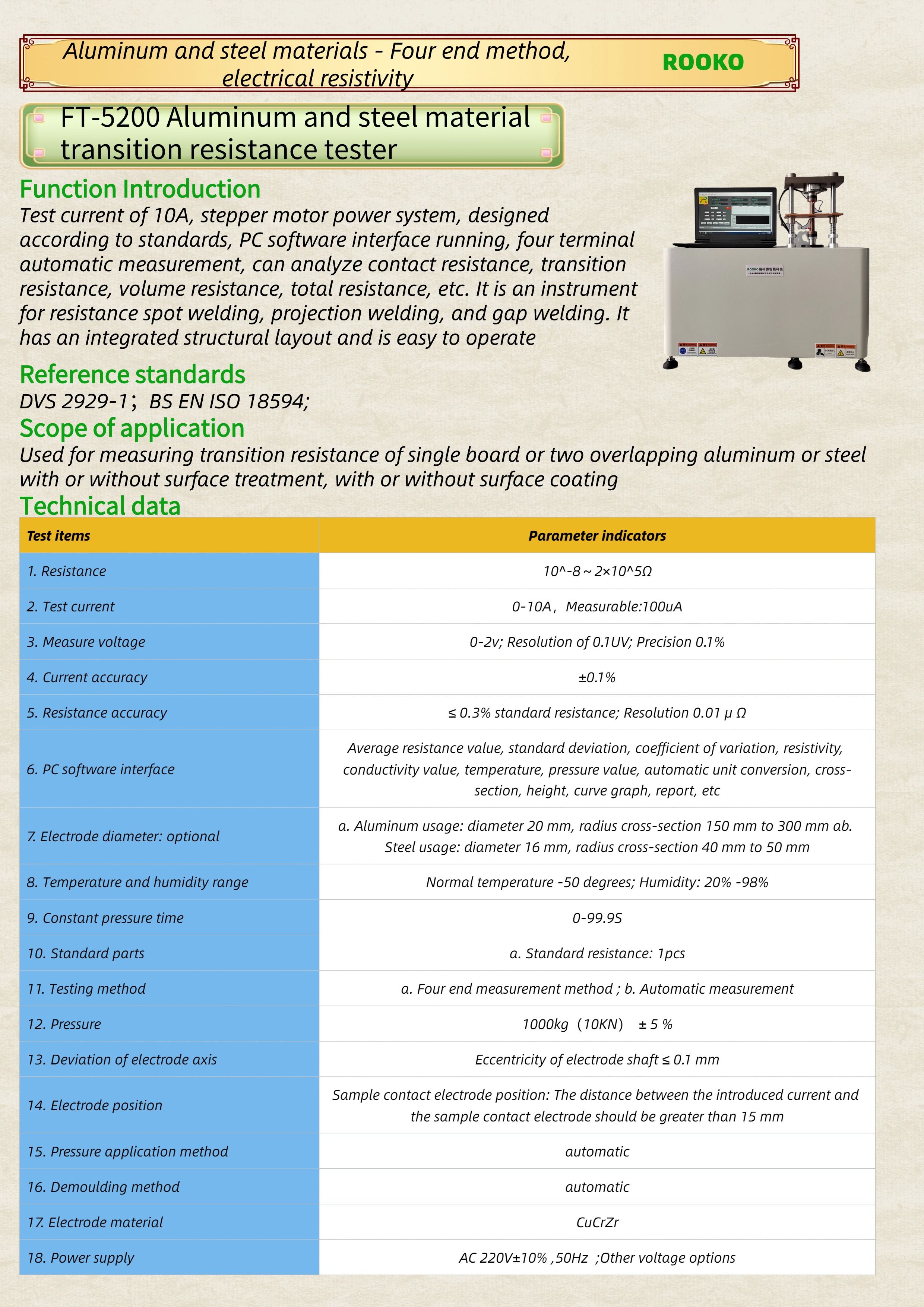 FT-5200 Aluminum and steel material transition resistance tester
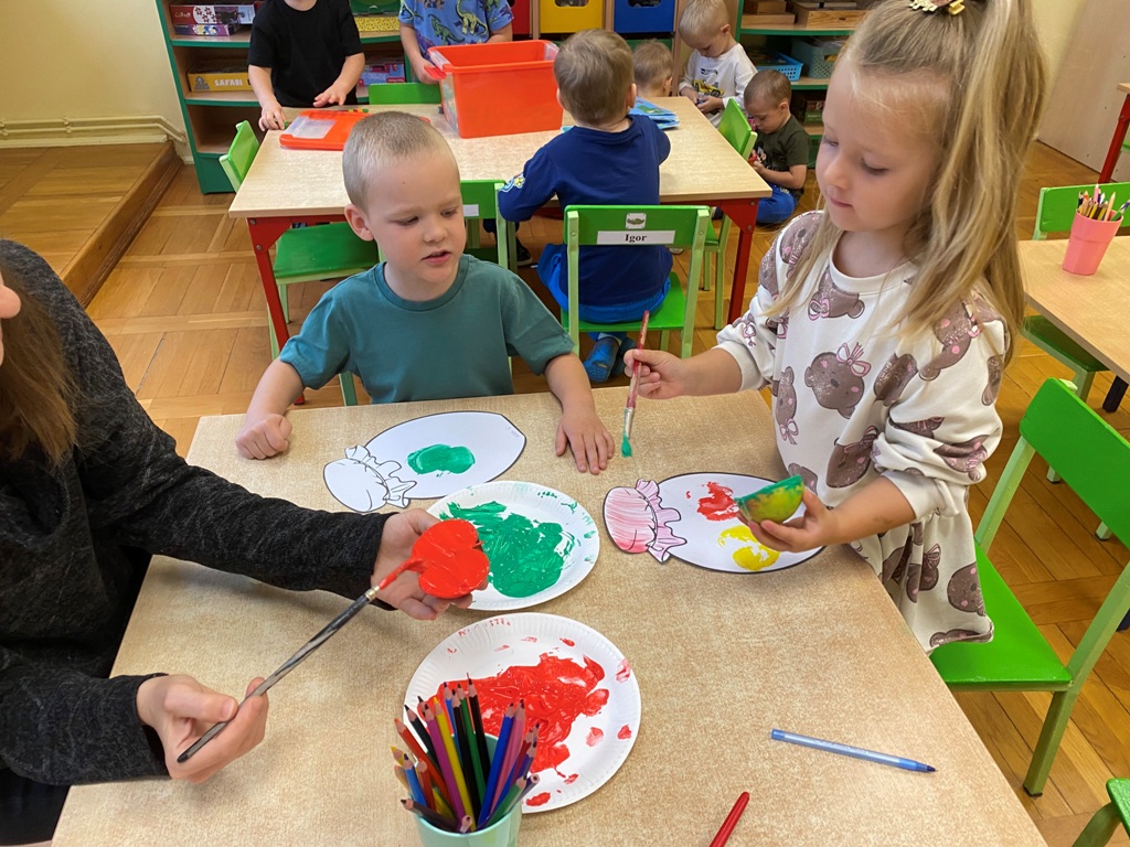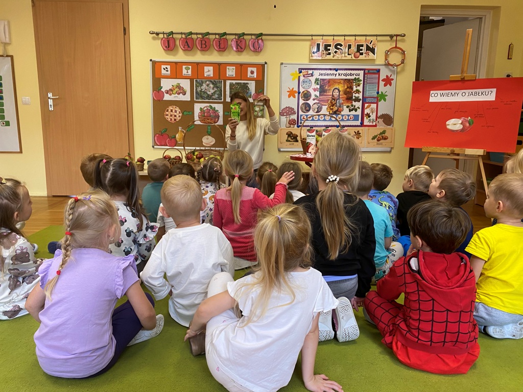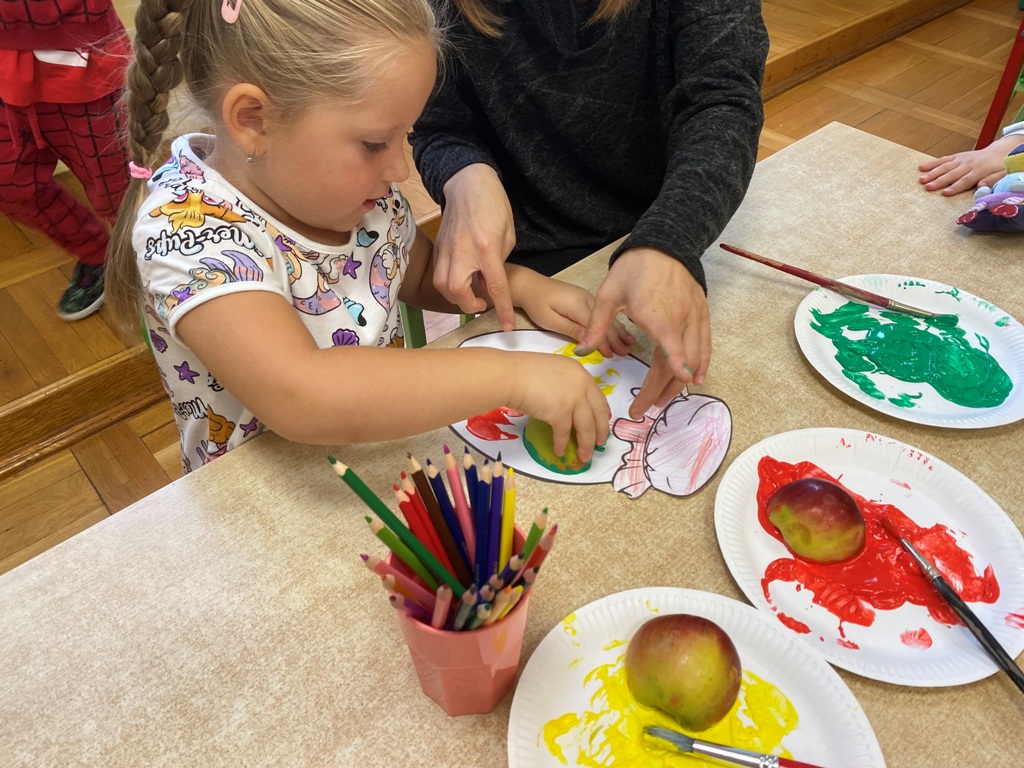 Na zakończenie zajęć każde dziecko wykonało pracę plastyczną, odbijając połówki jabłek w farbie. Dzięki temu powstały piękne, kolorowe kompozycje, a dzieci rozwijały zmysł estetyczny i motorykę małą.
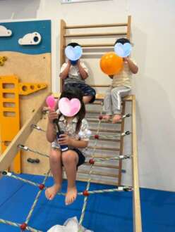 スタッフ付き添いのもと、空中ブランコやトランポリンなど、元気いっぱいに遊びました。
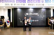 한민일보 서울포커스 임광현 기자 | 목포시의회 송선우(산정·대성·죽교·북항동) 관광경제위원장이 17일 에메랄드 웨딩홀 2층에서 열린 제8회 목포시 주민자치위원 한마음 전진대회에서 ‘목포시 주민자치위원회 베스트 시의원상’을 수상했다. 이 상은 목포시 주민자치위원장협의회가 수여한 것으로, 지역 주민과의 소통을 바탕으로 한 헌신적인 의정활동과 주민자치 발전에 기여한 공로를 인정해 마련됐다. 해당 상은 이번 회차에 처음 제정돼 송선우 위원장이 초대 수상자의 영예를 안았다. 송 위원장은 평소 탁월한 소통 능력을 바탕으로 주민들의 다양한 의견을 의정활동에 적극 반영해 왔으며, 특히 지역 현안 해결 과정에서 보여준 진정성과 열정으로 주민자치의 모범을 제시했다는 공로를 인정 받았다. 또한 주민 복지 향상과 지역 발전을 위한 실질적인 정책 추진에 힘써 왔다는 점에서 높은 평가를 받았다. 송선우 위원장은 수상 소감을 통해 “이 상은 개인이 아닌, 현장에서 함께 고민하고 노력해 온 주민자치위원 여러분과 시민들께서 주신 상이라고 생각한다”며 “앞으로도 주민의 목소리에 더욱 귀 기울이며, 주민자치가 지역 발전

TASK
Please give the data again unaltered, leaving out any images.

RESULT
 FT-5200 Aluminum and steel material transition resistance tester
 Na zakończenie zajęć każde dziecko wykonało pracę plastyczną, odbijając połówki jabłek w farbie. Dzięki temu powstały piękne, kolorowe kompozycje, a dzieci rozwijały zmysł estetyczny i motorykę małą.
 スタッフ付き添いのもと、空中ブランコやトランポリンなど、元気いっぱいに遊びました。
 한민일보 서울포커스 임광현 기자 | 목포시의회 송선우(산정·대성·죽교·북항동) 관광경제위원장이 17일 에메랄드 웨딩홀 2층에서 열린 제8회 목포시 주민자치위원 한마음 전진대회에서 ‘목포시 주민자치위원회 베스트 시의원상’을 수상했다. 이 상은 목포시 주민자치위원장협의회가 수여한 것으로, 지역 주민과의 소통을 바탕으로 한 헌신적인 의정활동과 주민자치 발전에 기여한 공로를 인정해 마련됐다. 해당 상은 이번 회차에 처음 제정돼 송선우 위원장이 초대 수상자의 영예를 안았다. 송 위원장은 평소 탁월한 소통 능력을 바탕으로 주민들의 다양한 의견을 의정활동에 적극 반영해 왔으며, 특히 지역 현안 해결 과정에서 보여준 진정성과 열정으로 주민자치의 모범을 제시했다는 공로를 인정 받았다. 또한 주민 복지 향상과 지역 발전을 위한 실질적인 정책 추진에 힘써 왔다는 점에서 높은 평가를 받았다. 송선우 위원장은 수상 소감을 통해 “이 상은 개인이 아닌, 현장에서 함께 고민하고 노력해 온 주민자치위원 여러분과 시민들께서 주신 상이라고 생각한다”며 “앞으로도 주민의 목소리에 더욱 귀 기울이며, 주민자치가 지역 발전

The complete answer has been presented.